From top to bottom, retype the data exactly, passing over any picture.

──────── GIVEN MATERIAL

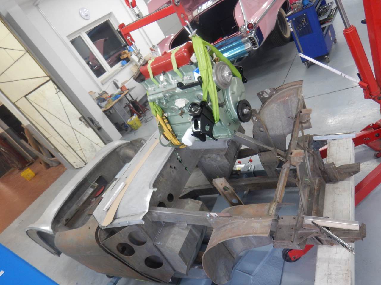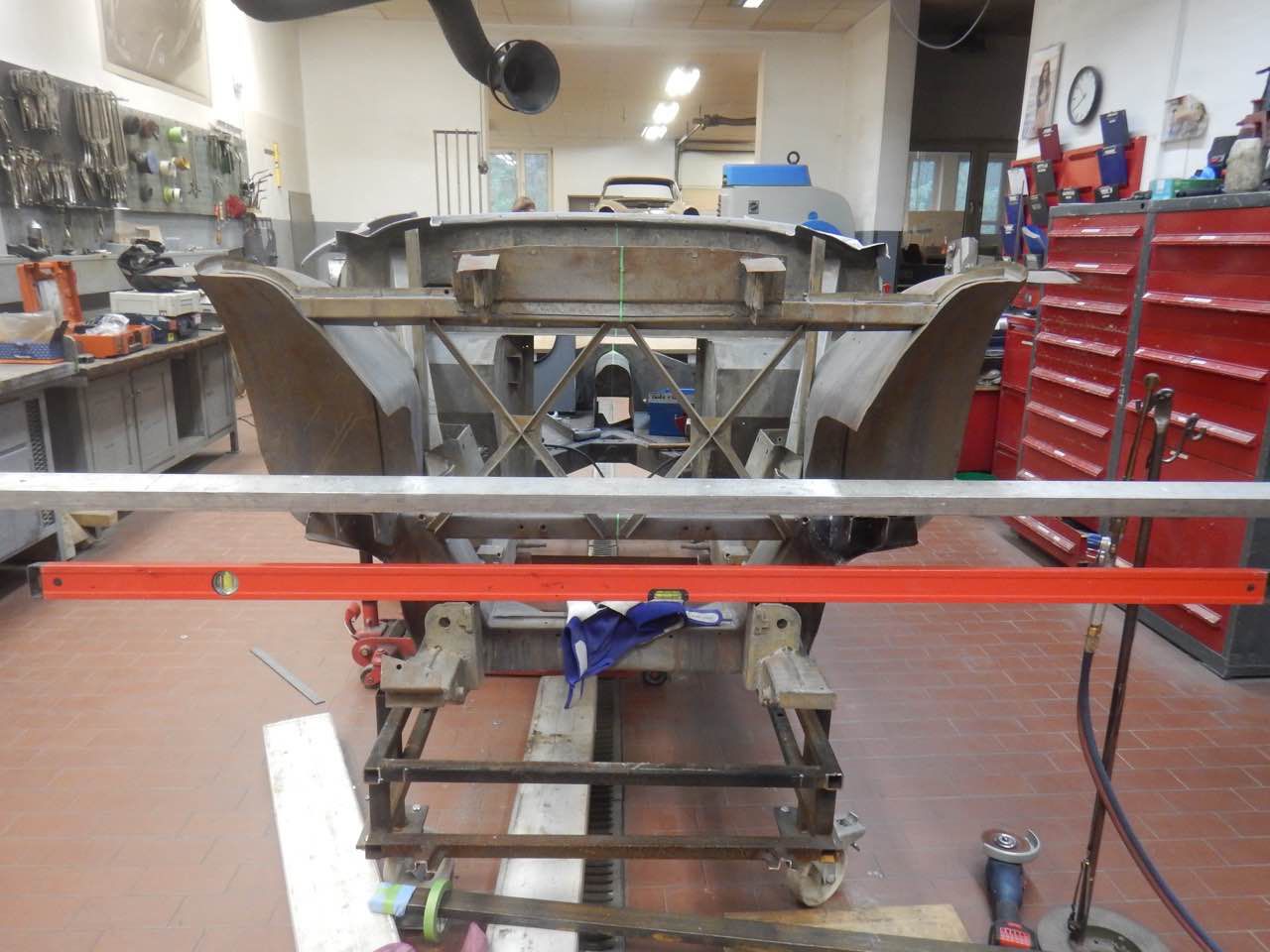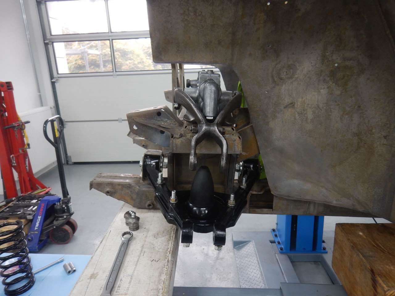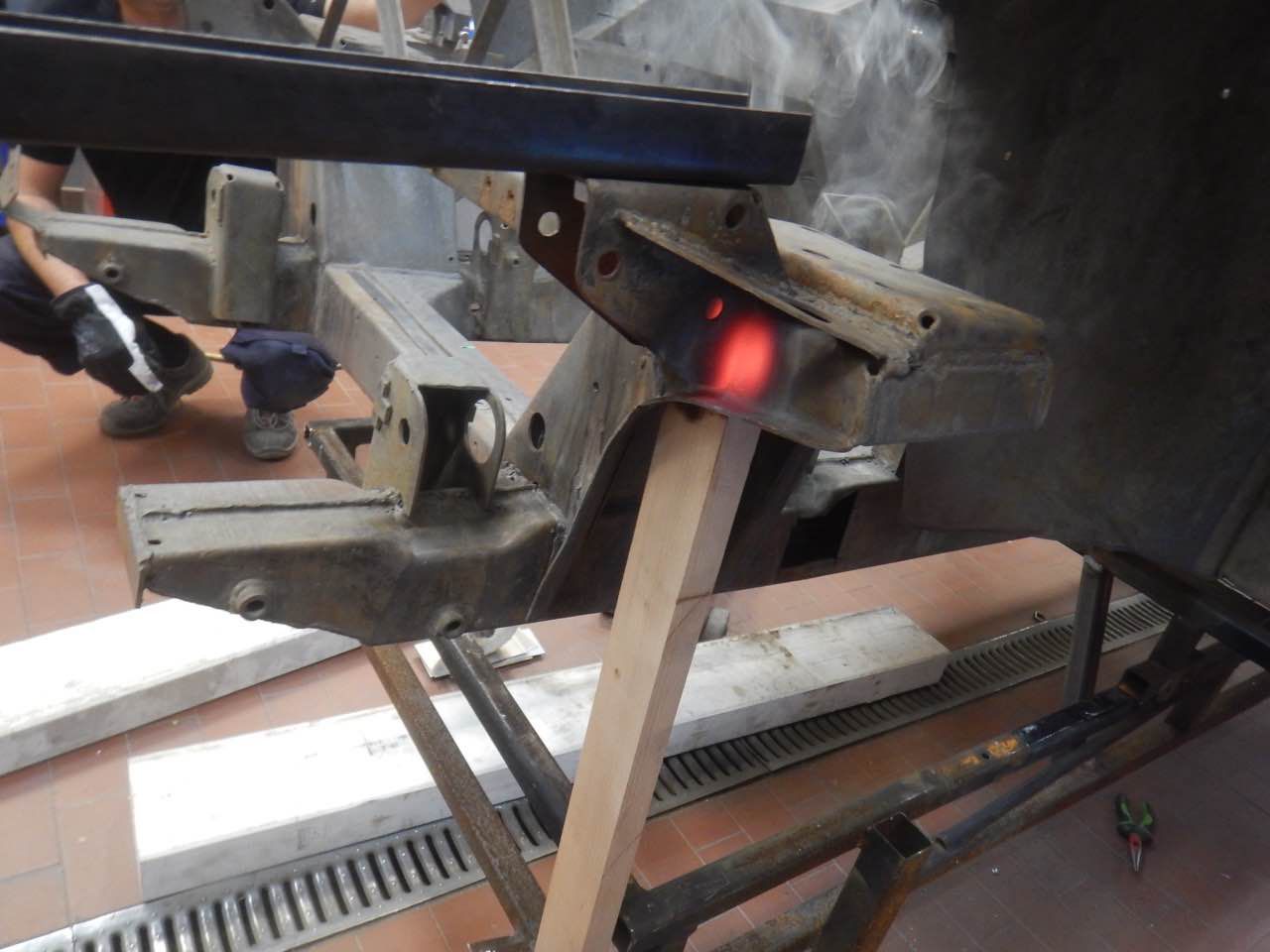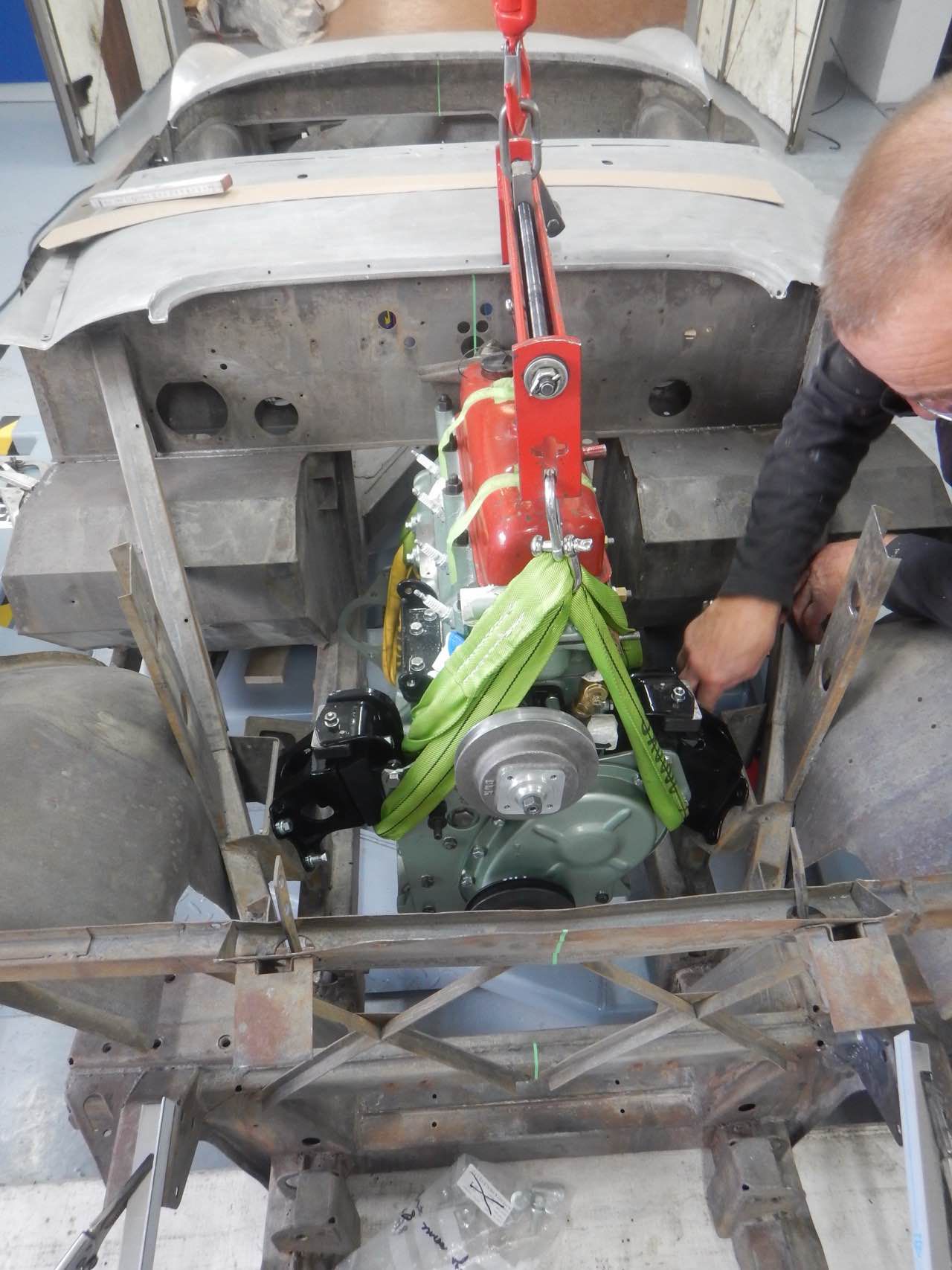 Damit sichergestellt werden kann ob der Motor zentrisch im Chassis ausgerichtet ist, haben wir den Motor samt Getriebe zu dem Karosserieschlosser gebracht. Nur so kann festgestellt werden ob die Motorbefestigungen korrekt sind.
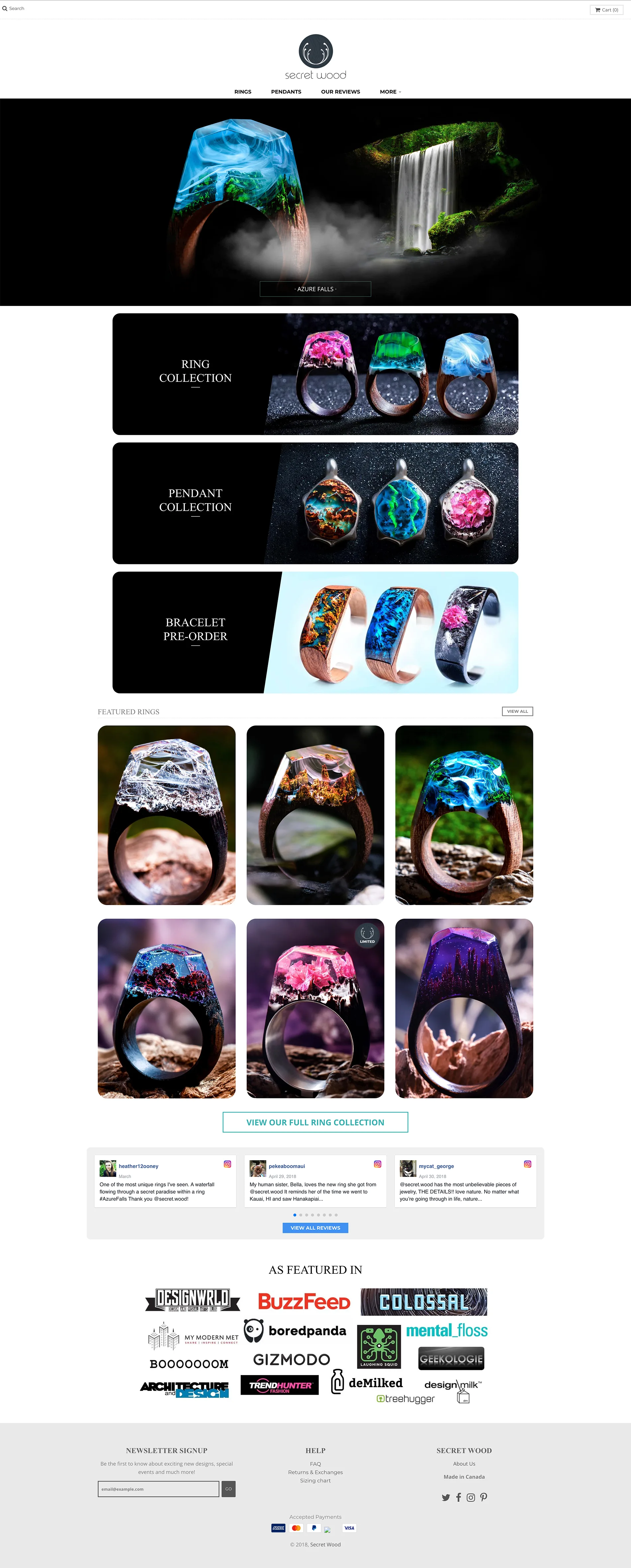 Secret Wood made jewelry that went viral — tiny landscapes embedded in resin rings, handcrafted one at a time. I owned the full product layer: visual concept, art direction, UX, storefront design, and every line of front-end and back-end code. The goal was to build infrastructure that could scale without eroding what made the product worth buying.
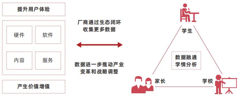 实现融通的不仅有教育端,更有产业端。在产业端,教育智能硬件厂商打出「数据+服务+内容+硬件」组合拳,为用户提供更好的产品体验,并挖掘各个环节自有的增值价值。同时,厂商也通过学校、学习者和家长形成的生态闭环大量收集数据,这些数据经由 AI 系统进行学情分析,一面可以让用户深入掌握学习者的学习情况,根据学习者特征提供适应性的学习资源与服务,反过来也能够助推教育智能硬件公司做出战略性调整。
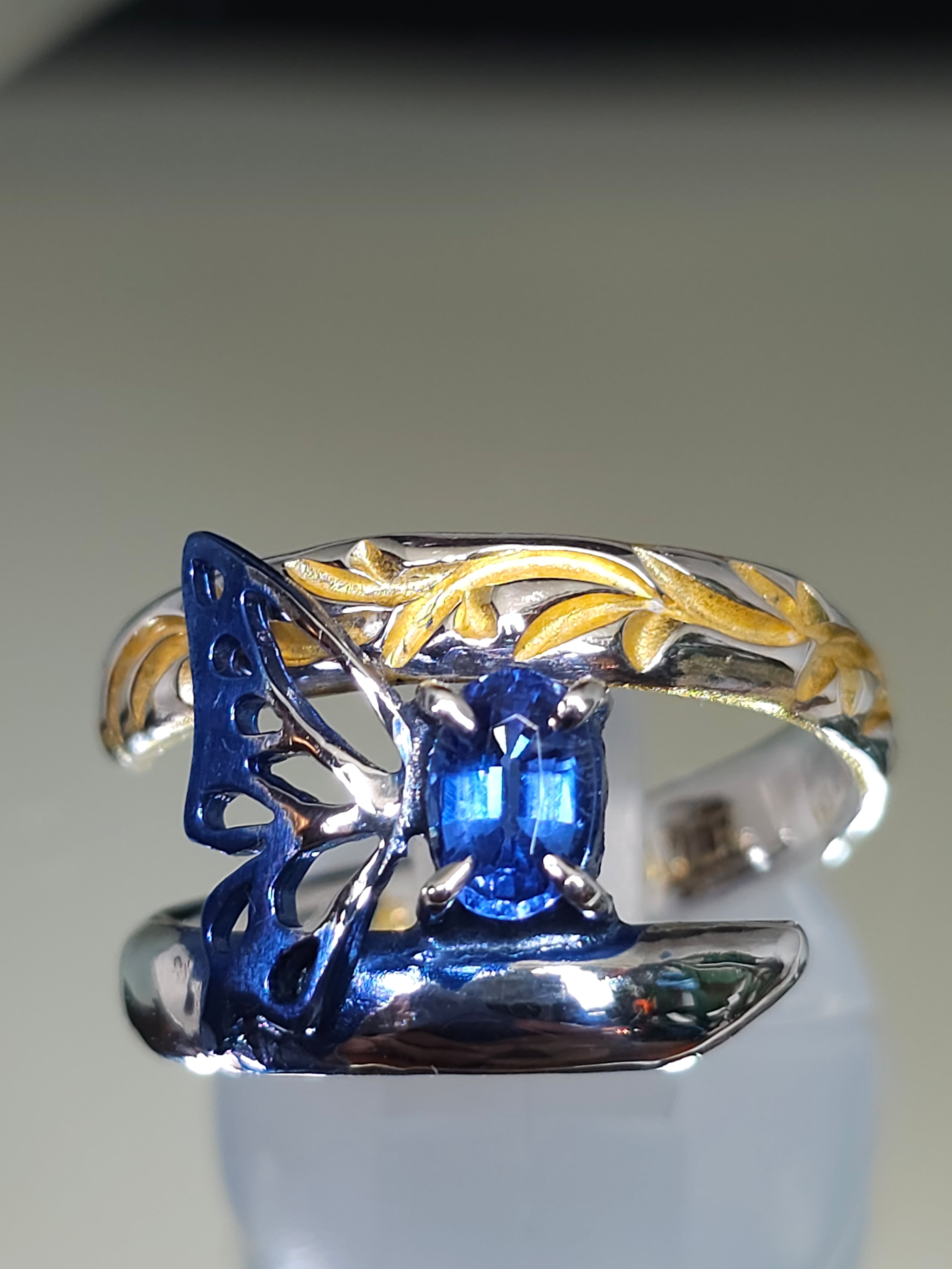 エレカラ×宝石と片翅蝶の指輪 チベット産カイヤナイト6×4mm

────────────────

◆ ANSWER TO THIS EXERCISE
 Damit sichergestellt werden kann ob der Motor zentrisch im Chassis ausgerichtet ist, haben wir den Motor samt Getriebe zu dem Karosserieschlosser gebracht. Nur so kann festgestellt werden ob die Motorbefestigungen korrekt sind.
 Secret Wood made jewelry that went viral — tiny landscapes embedded in resin rings, handcrafted one at a time. I owned the full product layer: visual concept, art direction, UX, storefront design, and every line of front-end and back-end code. The goal was to build infrastructure that could scale without eroding what made the product worth buying.
 实现融通的不仅有教育端,更有产业端。在产业端,教育智能硬件厂商打出「数据+服务+内容+硬件」组合拳,为用户提供更好的产品体验,并挖掘各个环节自有的增值价值。同时,厂商也通过学校、学习者和家长形成的生态闭环大量收集数据,这些数据经由 AI 系统进行学情分析,一面可以让用户深入掌握学习者的学习情况,根据学习者特征提供适应性的学习资源与服务,反过来也能够助推教育智能硬件公司做出战略性调整。
 エレカラ×宝石と片翅蝶の指輪 チベット産カイヤナイト6×4mm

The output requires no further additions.